Modern photos are incorporeal, and you can lose them by accident in a trice, but the old photos weren't a guarantee of immortality. Now and then I'll be in an antique store and come across a box of studio portraits from the early 20th century. Everyone looks miserable, as if the photographer made them line their pants with sandpaper. You found happier faces in a 19th-century dentist's office.
If someone does smile, they leap across the chasm of the years and come to life, and you can imagine them singing or telling a joke. But mostly they look as if life was an anvil to be dragged until you reached the grave.
If the photographer said, "Cheese," it was probably preceded by "rancid, moldy."
There's a reason they look so dour: Getting your portrait taken was serious business, and something you did only a few times in your life. Levity was unbecoming such a moment. You were staring at posterity, and you wanted to hold its gaze as a sign of strength and character.
Posterity did not particularly care, though.

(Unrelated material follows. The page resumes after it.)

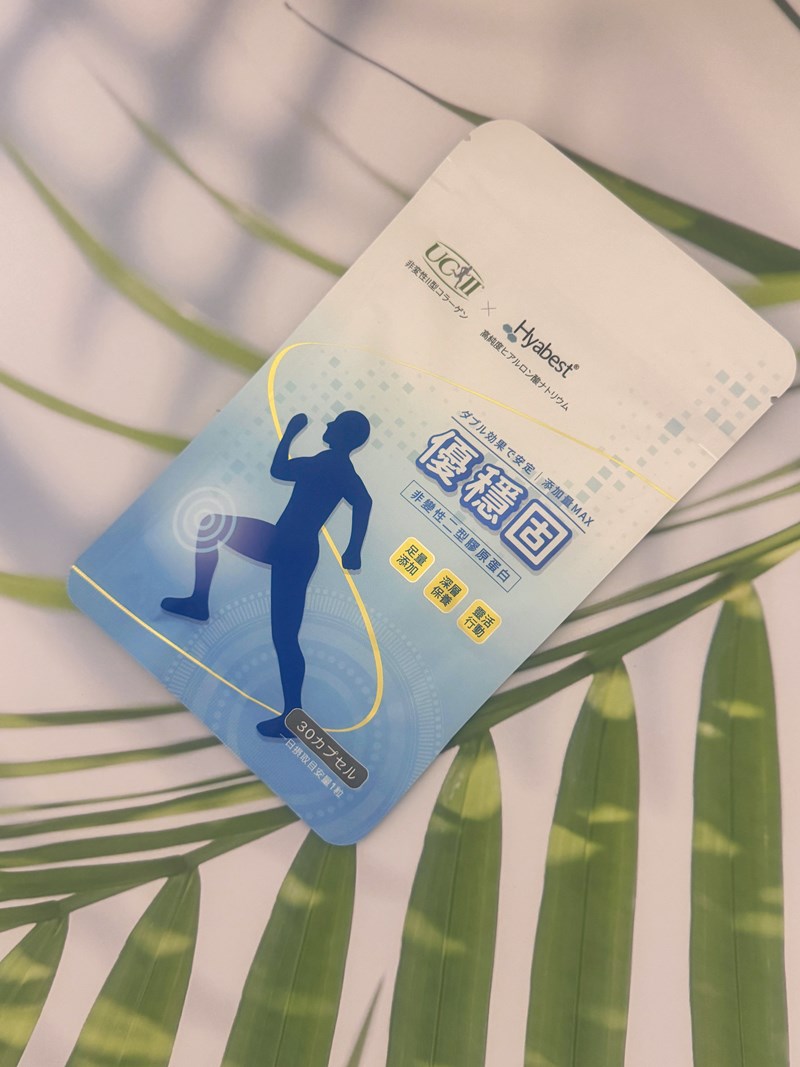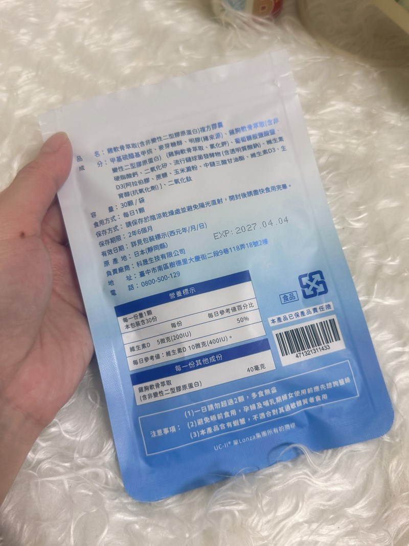 裡面含有高純度玻尿酸鈉、足量非變性二型膠原蛋白、維生素D、葡萄糖胺等營養成分,

Neither did the descendants, who cast off the pictures into the antique store for four bits apiece. When you turn the photo over, you hope there's a clue — "Aunt Edna, Gustav and Ilse" — anything to keep these people from toppling over the lip of the chasm into anonymity.
But there's rarely a name. Whoever had the photo knew who they were, after all.
The next generation inherits the albums, and puts them away on a shelf; the generation after that finds them when cleaning out the house and either joins a genealogy website, does some research and rescues the people in the pictures — or they get rid of them. Who are these people?